> _Assigned task_
Copy the following data exactly and drop the pictures.

::: Collected data :::

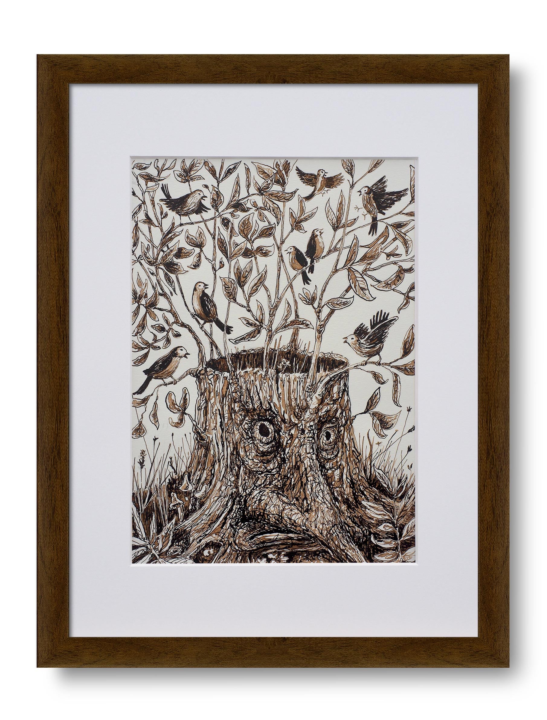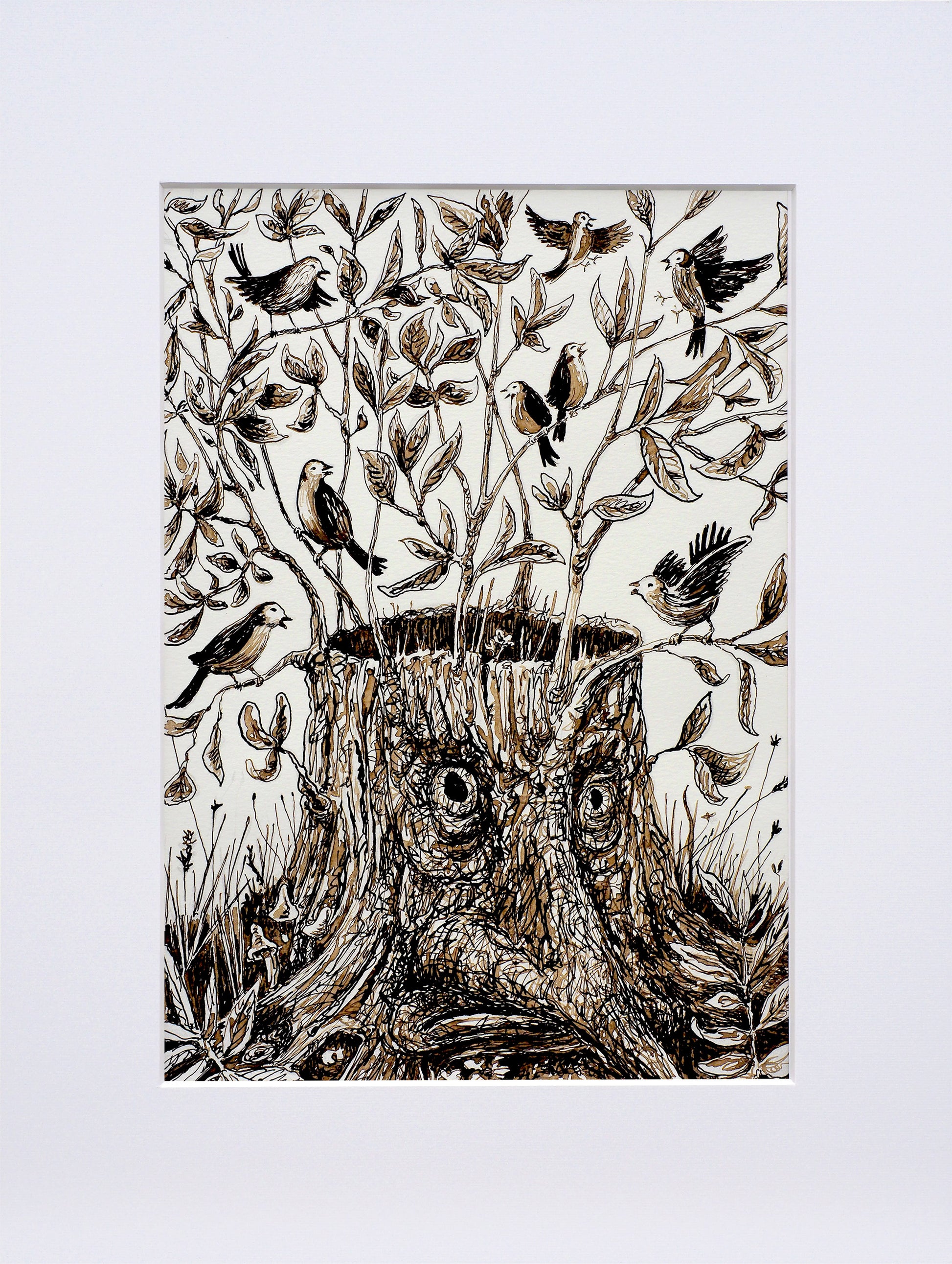 Tuschezeichnung auf Aquarellpapier.
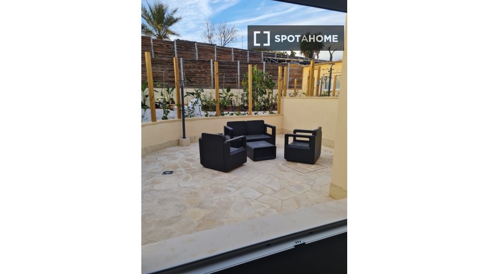 Möblierte 1-Zimmer-Wohnung zu vermieten in der Partida Torrellano Alto. Die Immobilie befindet sich im Erdgeschoss eines Gebäudes ohne Aufzug. Zur Immobilie gehören eine Terrasse und ein Fernseher.
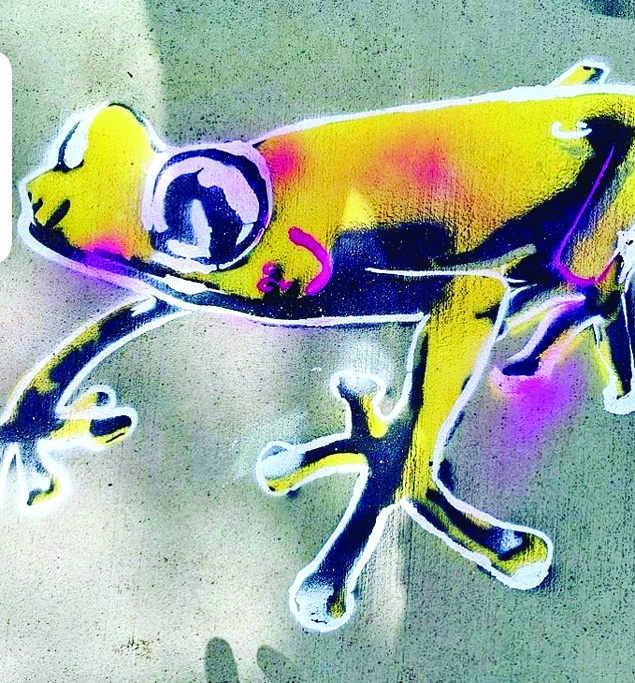 Professor Williams designed seven stencil sets of endangered animals including a Tiger, Tree Frog, Axolotl, Black Footed Ferret, Panda, Big Horn Sheep, and Rock Hopper Penguin. Each stencil set included three layers with different levels of detail to create depth and contrast in the images. Six sets were created for each animal. In total, Professor Williams created 42 sets which equaled 126 total stencils. The ARC’s total attendance of 60 youth were broken into classes of 15. The groups rotated throughout the morning, pairing off in twos and threes with the instructors and ARC teachers. The instructors first demonstrated how to use the cans of spray chalk over the layers of stencils to create crisp outlines. Students worked in teams and took turns selecting their colors and spray chalking the stencil layer while their teammates helped hold down the stencils. Each finished stencil set was a collaborative masterpiece. It was essential to Professor Williams’ process that the children were able to maintain the decision-making power by selecting the animals they wanted and the color combinations. The results were unexpected and stunning. Quotes from students during the project included a shouted, “This is the best day ever!” and “I can’t believe you are letting us do this!” Executive Director of the Alliance Recreation Center Mara Anderson stated, “Watching the kids have fun is always rewarding, but seeing the magic Carnegie Arts Center and the University of Nebraska-Lincoln staff and students shared with our Summer camp was truly something spectacular. We cannot say ‘thank you’ enough to everyone. The kids had a great time, and they were so excited every day that week for all the art projects.” We were pleased to hear that students were eager to pull their parents out to the walking path to show off their masterpieces.

:::

> _Exercise answer_
 Tuschezeichnung auf Aquarellpapier.
 Möblierte 1-Zimmer-Wohnung zu vermieten in der Partida Torrellano Alto. Die Immobilie befindet sich im Erdgeschoss eines Gebäudes ohne Aufzug. Zur Immobilie gehören eine Terrasse und ein Fernseher.
 Professor Williams designed seven stencil sets of endangered animals including a Tiger, Tree Frog, Axolotl, Black Footed Ferret, Panda, Big Horn Sheep, and Rock Hopper Penguin. Each stencil set included three layers with different levels of detail to create depth and contrast in the images. Six sets were created for each animal. In total, Professor Williams created 42 sets which equaled 126 total stencils. The ARC’s total attendance of 60 youth were broken into classes of 15. The groups rotated throughout the morning, pairing off in twos and threes with the instructors and ARC teachers. The instructors first demonstrated how to use the cans of spray chalk over the layers of stencils to create crisp outlines. Students worked in teams and took turns selecting their colors and spray chalking the stencil layer while their teammates helped hold down the stencils. Each finished stencil set was a collaborative masterpiece. It was essential to Professor Williams’ process that the children were able to maintain the decision-making power by selecting the animals they wanted and the color combinations. The results were unexpected and stunning. Quotes from students during the project included a shouted, “This is the best day ever!” and “I can’t believe you are letting us do this!” Executive Director of the Alliance Recreation Center Mara Anderson stated, “Watching the kids have fun is always rewarding, but seeing the magic Carnegie Arts Center and the University of Nebraska-Lincoln staff and students shared with our Summer camp was truly something spectacular. We cannot say ‘thank you’ enough to everyone. The kids had a great time, and they were so excited every day that week for all the art projects.” We were pleased to hear that students were eager to pull their parents out to the walking path to show off their masterpieces.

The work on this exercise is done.